Under the Communications Act 2003 , it is a criminal offence to leave messages which are grossly offensive, or to make indecent or obscene or menacing telephone calls or calls which cause annoyance, inconvenience or needless anxiety.

The criminal courts may treat a letter, or a silent or other phone call as an assault if it causes the victim to fear that physical violence may be used against him or her in the immediate future. The courts may also in certain circumstances treat such harassment as grievous bodily harm if psychological damage results , even if that damage was not caused by a fear of an imminent physical attack.

Telephone companies have the power, in certain circumstances, to trace the makers of nuisance or malicious calls and tell you who they are, provided you have a legitimate interest in knowing their identity . If the perpetrator is known and is persistent in making calls the courts are increasingly willing to grant injunctions to prevent this type of harassment.

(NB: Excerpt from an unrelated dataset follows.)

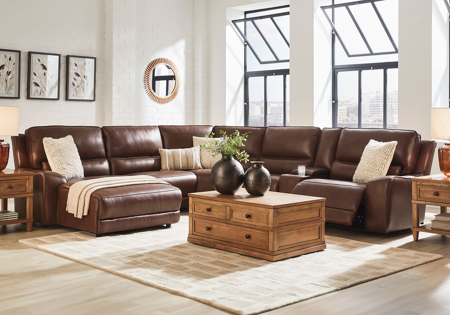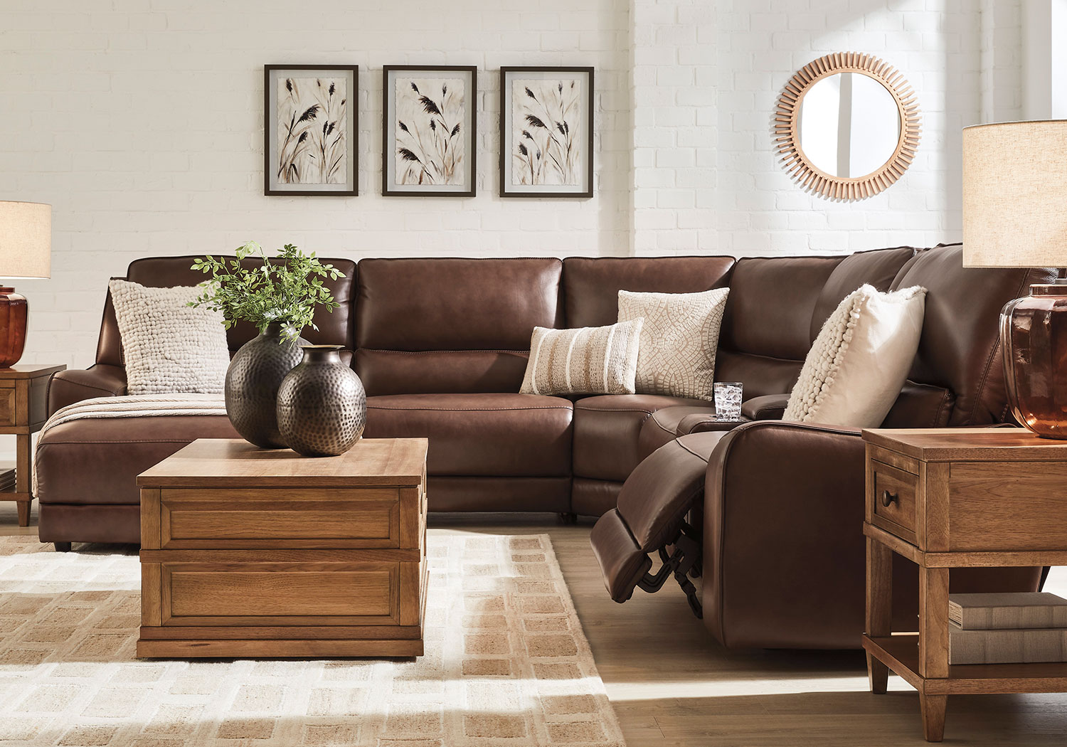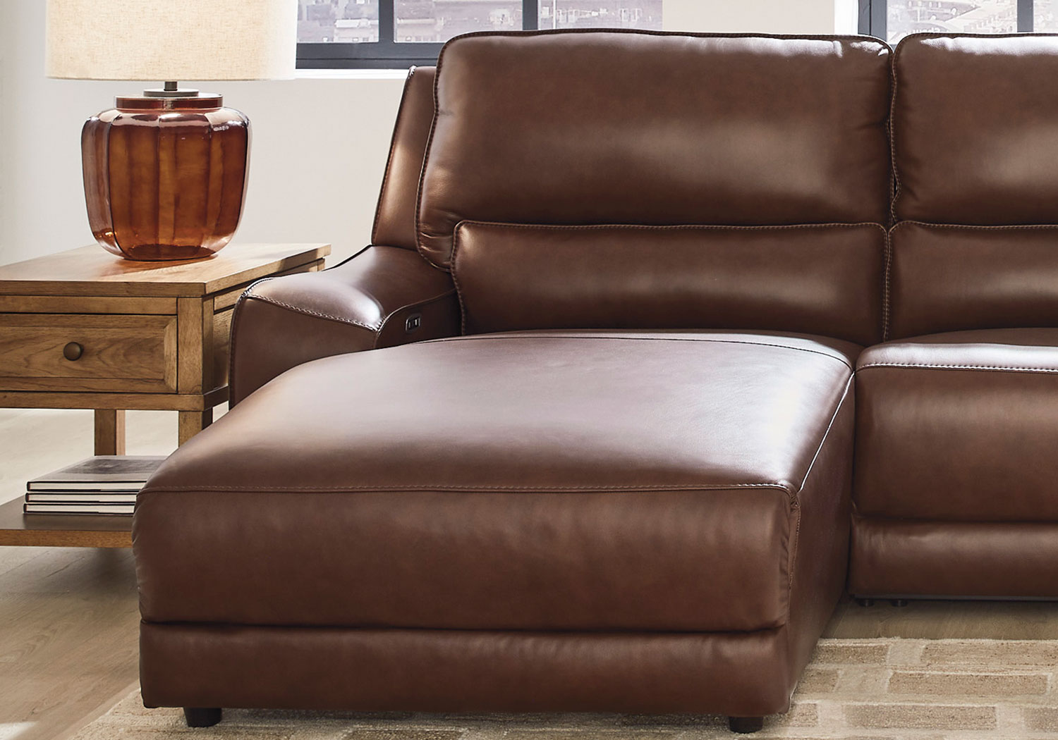 Live and lounge luxuriously. This power reclining sectional with chaise brings an ultra-stylish flair to your home’s central hub. Its seating area is wrapped in top grain leather in a sleek neutral color, giving you a trend-right look made all the better with high-quality materials. And with the simple push of a button, you can adjust the headrests or recline to find your ideal comfort position.

It is also established that the making of numerous obscene telephone calls to a considerable number of people may be conduct capable of constituting a public nuisance.

It was previously hoped that the courts would be willing to develop the law of nuisance - the legal category into which many of these claims fall - so as to grant rights of protection to people in respect of property which they do not own. This would have enabled the law to move towards openly protecting domestic privacy. However, this advance was halted by a decision of the House of Lords.